### Work task
Give back an exact repetition of the material below, from its first line through the line that contains "This amla (Indian", both included, minus the pictures.

[Start of section]

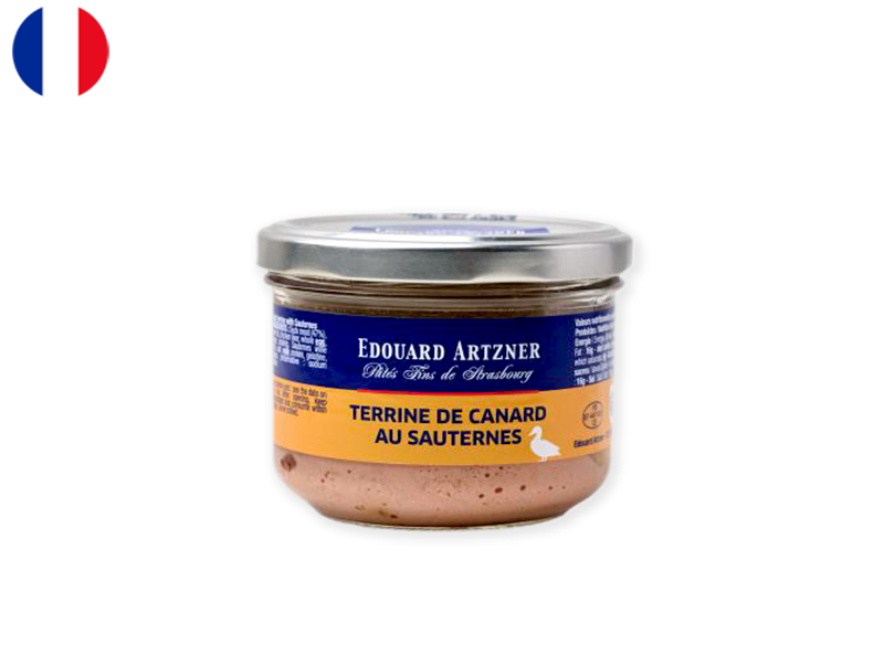 Indulge in the rich, smooth texture of our Terrine with Duck and Sauternes, a gourmet delicacy that combines the tender meat of duck with the sweet, aromatic notes of Sauternes wine. This terrine is carefully crafted to deliver a luxurious flavour experience that is both sophisticated and satisfying.
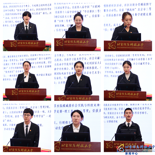 来自教学、科研、学工等领域的11个集体候选代表和20名学生候选人逐一进行展示,讲述了自己在服务国家战略、首都发展、学校建设中创先争优、勇当先锋、勤于学习、善于创造、甘于奉献的先进事迹,充分展示了信息科大青年师生虚怀若谷、奋发向上的青春风貌。候选代表们的精彩展示,赢得了在场师生的阵阵掌声。
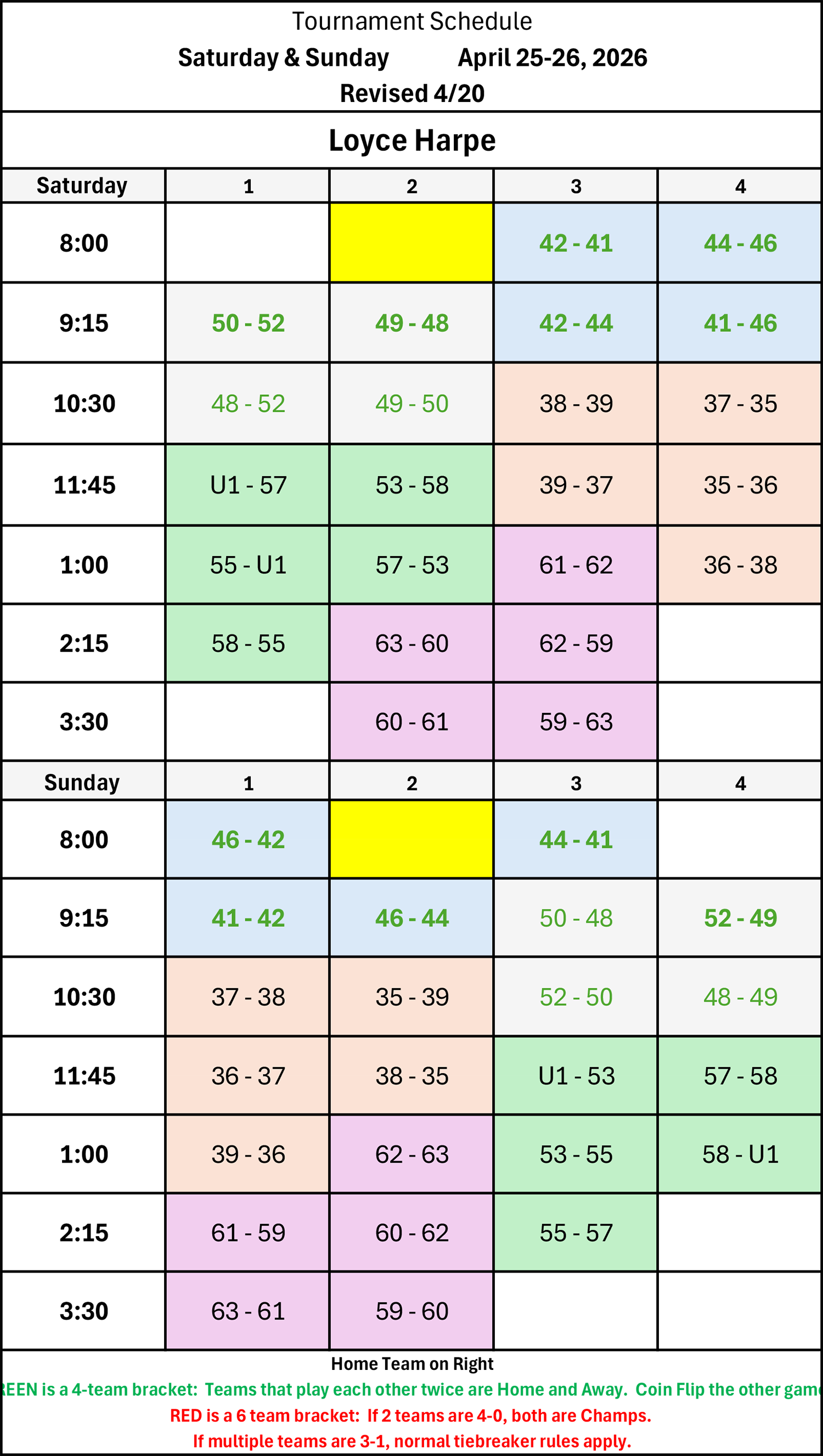 | 9:15 | U1 - 53 | 55 - 57 | 37 - 35 | 36 - 38 |
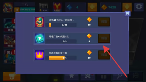 1、在任务界面,完成“击败4个敌人”“观看广告”等任务,点击箭头指向的【领取】,获取钻石、道具奖励。
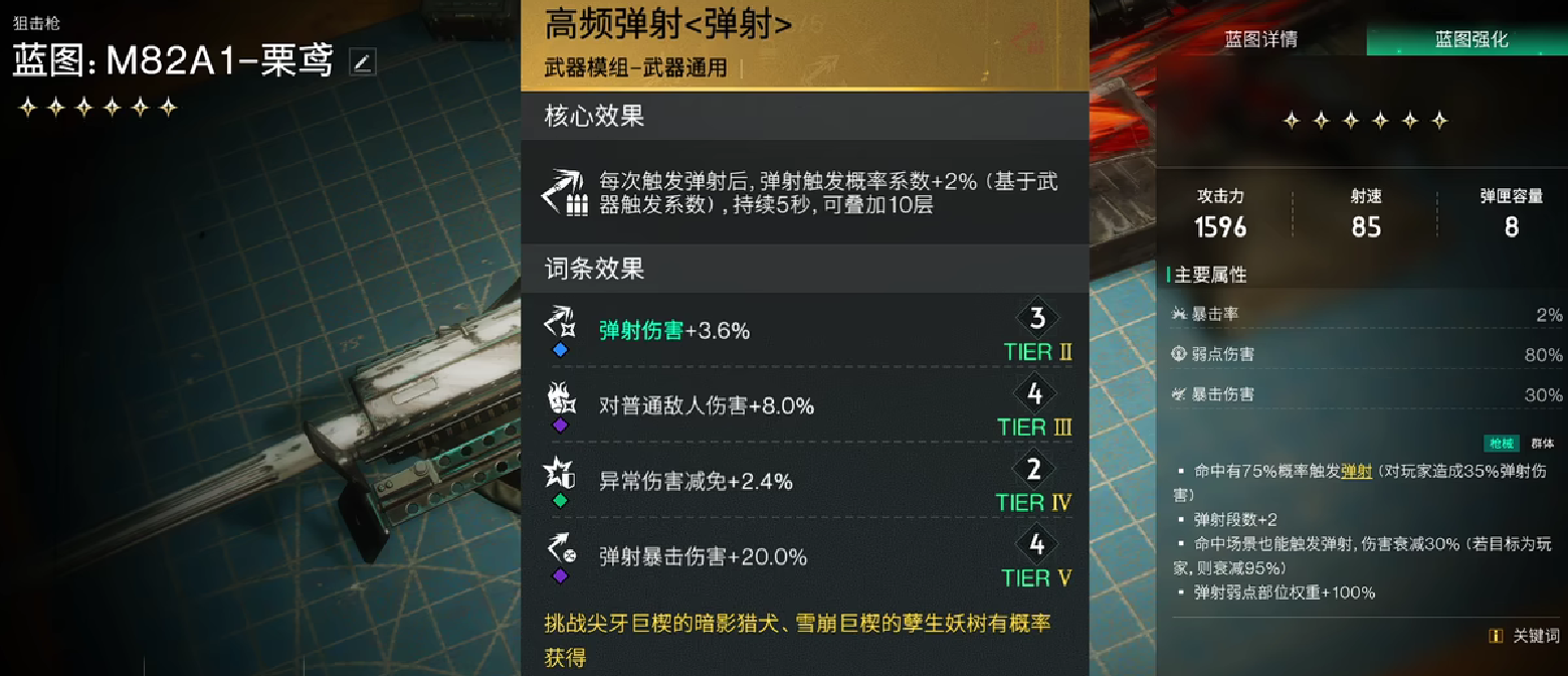 选择跟栗鸢搭配时主武器直接选择高频弹射,因为该模组触发三次弹射轨迹,就会对敌人造成覆盖式的打击,特别适合玩家在星辰污染区域当中攻打畸变群体。如果玩家需要强化单体爆发,这时候直接选择爆裂模组,此时单体伤害将会提升15%,而且范围伤害的半径将会扩大两米,比较适合boss战或者是精英怪的狙击。
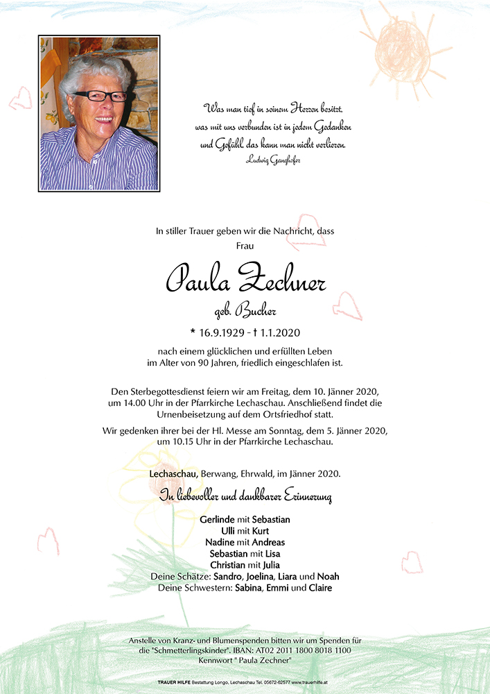 Wenn ein langes erfülltes Leben zu Ende geht, und der Schmerz auch so groß ist, den wir ertragen, so mag es uns doch ein Trost sein, dass wir einen geliebten Menschen so lange bei uns haben durften.
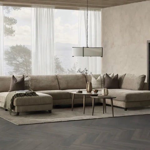 Sofaen består av flere moduler satt sammen til en hjørneløsning med venstrevendt og høyrevendt del. Den har løse rygg- og pynteputer som gir fleksibel støtte og kan omplasseres etter behov.
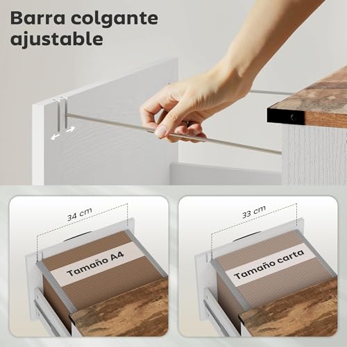 - تخزين مرن: تحتوي خزانة الملفات على درجين واسعين وقضبان معدنية قابلة للتعديل لمجلدات الحروف مقاس ايه 4. يعمل الجزء العلوي على وضع الطابعات أو الديكور، والجمع بين العملية والأناقة في قطعة واحدة من الأثاث
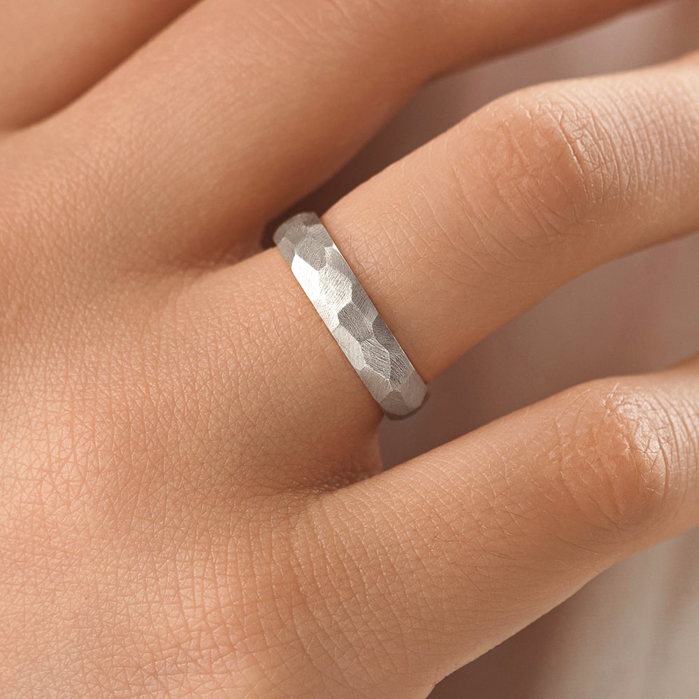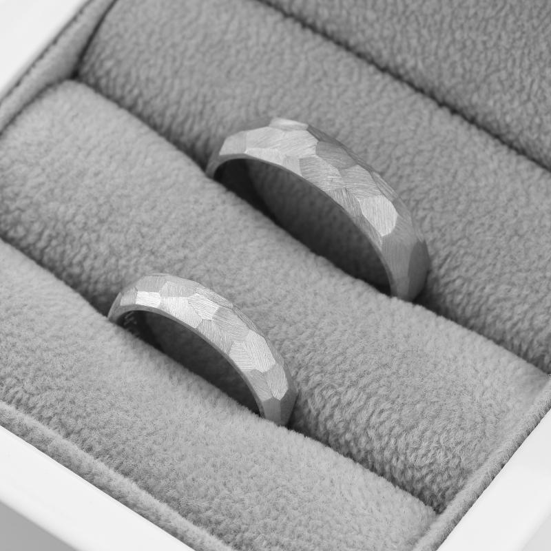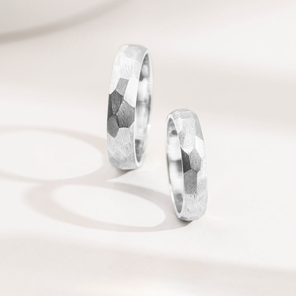• besondere, außergewöhnliche matte Eheringe mit Hammerschlag-Relief
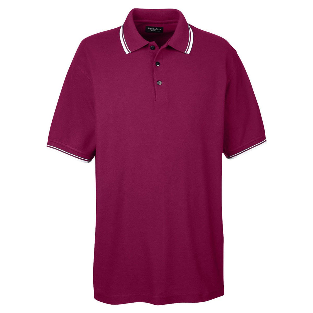 UltraClub Men's Wine/White Short-Sleeve Whisper Pique Polo with Tipped Collar and Cuffs
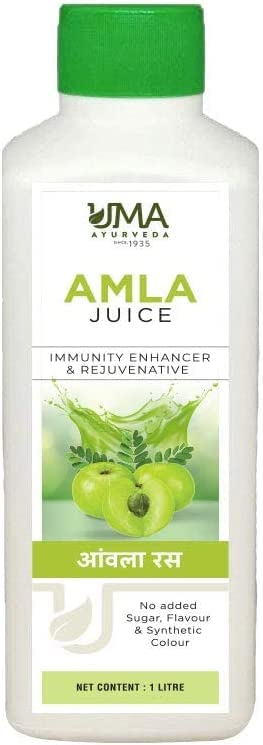 This amla (Indian gooseberry) juice from Uma Ayurveda boosts immunity and is an excellent rejuvenator. It is also an energy booster. It is helpful for hyperacidity, eye conditions, and skin diseases, and it slows down aging. Because the juice is pure, with no added sugar, artificial flavors, or colors, it promotes overall health. Shake well before use. Take 15-20 ml of juice twice a day with an equal amount of water, or as directed by your doctor. Consume within 1 month of opening the package. You don't need to hesitate before ordering because the juice is prepared in Uma Ayurveda's GMP-certified facility, so you can be assured of the highest quality.
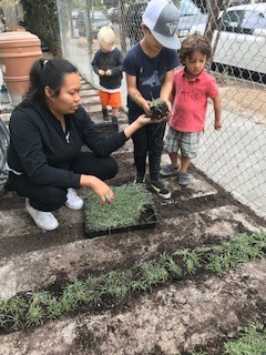 The Gardening Team worked hard over the weekend to update our community garden. They replaced dirt and broke and hauled away concrete to create a living pathway between the front and back play areas. Today, the children pitched in by planting the Diamondia between concrete slits so that it grows over them making a green…
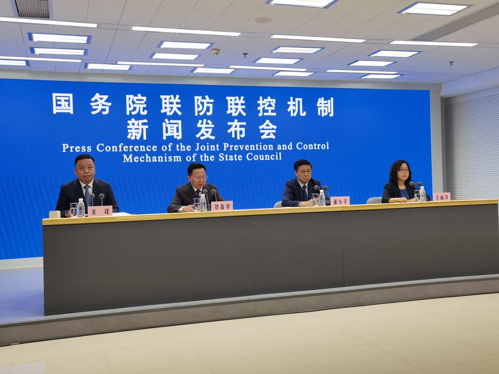 國務(wù)院聯(lián)防聯(lián)控機制新聞發(fā)布會(huì )現場(chǎng)。新華社記者 宋晨 攝
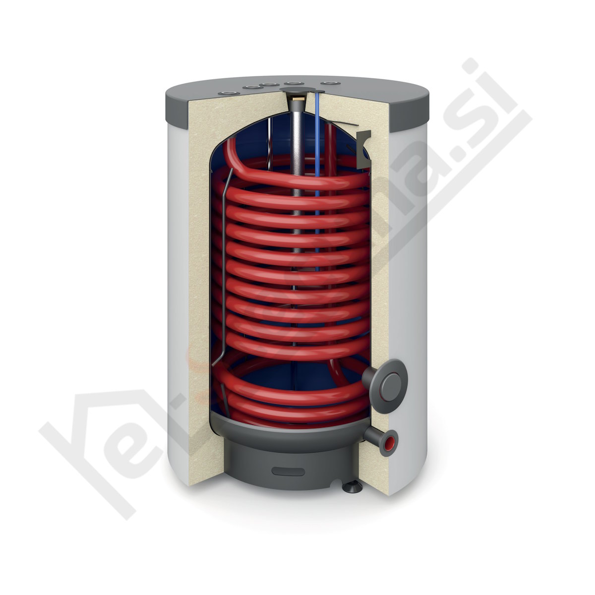izmenjevalec po celotni višini bojlerja
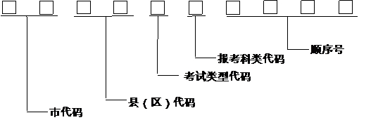其中市、县(区)代码为报名点所在市、县(区)的代码,考试类型代码为8,报考科类代码为1。
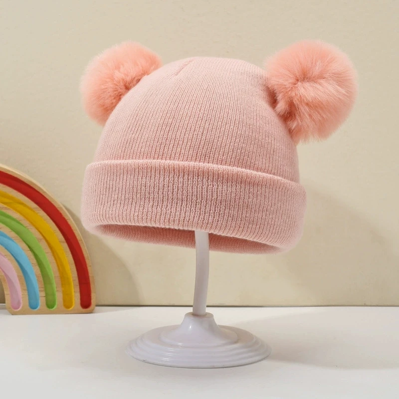 Вязаная шапка с меховыми шариками для детей от 0 до 3 лет, зимняя шапка для новорожденных, милый шарик с помпоном, вязаный чепчик для маленьких девочек и мальчиков, теплые шапки Gorro

[End of section]

### Task solution
 Indulge in the rich, smooth texture of our Terrine with Duck and Sauternes, a gourmet delicacy that combines the tender meat of duck with the sweet, aromatic notes of Sauternes wine. This terrine is carefully crafted to deliver a luxurious flavour experience that is both sophisticated and satisfying.
 来自教学、科研、学工等领域的11个集体候选代表和20名学生候选人逐一进行展示,讲述了自己在服务国家战略、首都发展、学校建设中创先争优、勇当先锋、勤于学习、善于创造、甘于奉献的先进事迹,充分展示了信息科大青年师生虚怀若谷、奋发向上的青春风貌。候选代表们的精彩展示,赢得了在场师生的阵阵掌声。
 | 9:15 | U1 - 53 | 55 - 57 | 37 - 35 | 36 - 38 |
 1、在任务界面,完成“击败4个敌人”“观看广告”等任务,点击箭头指向的【领取】,获取钻石、道具奖励。
 选择跟栗鸢搭配时主武器直接选择高频弹射,因为该模组触发三次弹射轨迹,就会对敌人造成覆盖式的打击,特别适合玩家在星辰污染区域当中攻打畸变群体。如果玩家需要强化单体爆发,这时候直接选择爆裂模组,此时单体伤害将会提升15%,而且范围伤害的半径将会扩大两米,比较适合boss战或者是精英怪的狙击。
 Wenn ein langes erfülltes Leben zu Ende geht, und der Schmerz auch so groß ist, den wir ertragen, so mag es uns doch ein Trost sein, dass wir einen geliebten Menschen so lange bei uns haben durften.
 Sofaen består av flere moduler satt sammen til en hjørneløsning med venstrevendt og høyrevendt del. Den har løse rygg- og pynteputer som gir fleksibel støtte og kan omplasseres etter behov.
 - تخزين مرن: تحتوي خزانة الملفات على درجين واسعين وقضبان معدنية قابلة للتعديل لمجلدات الحروف مقاس ايه 4. يعمل الجزء العلوي على وضع الطابعات أو الديكور، والجمع بين العملية والأناقة في قطعة واحدة من الأثاث
• besondere, außergewöhnliche matte Eheringe mit Hammerschlag-Relief
 UltraClub Men's Wine/White Short-Sleeve Whisper Pique Polo with Tipped Collar and Cuffs
 This amla (Indian gooseberry) juice from Uma Ayurveda boosts immunity and is an excellent rejuvenator. It is also an energy booster. It is helpful for hyperacidity, eye conditions, and skin diseases, and it slows down aging. Because the juice is pure, with no added sugar, artificial flavors, or colors, it promotes overall health. Shake well before use. Take 15-20 ml of juice twice a day with an equal amount of water, or as directed by your doctor. Consume within 1 month of opening the package. You don't need to hesitate before ordering because the juice is prepared in Uma Ayurveda's GMP-certified facility, so you can be assured of the highest quality.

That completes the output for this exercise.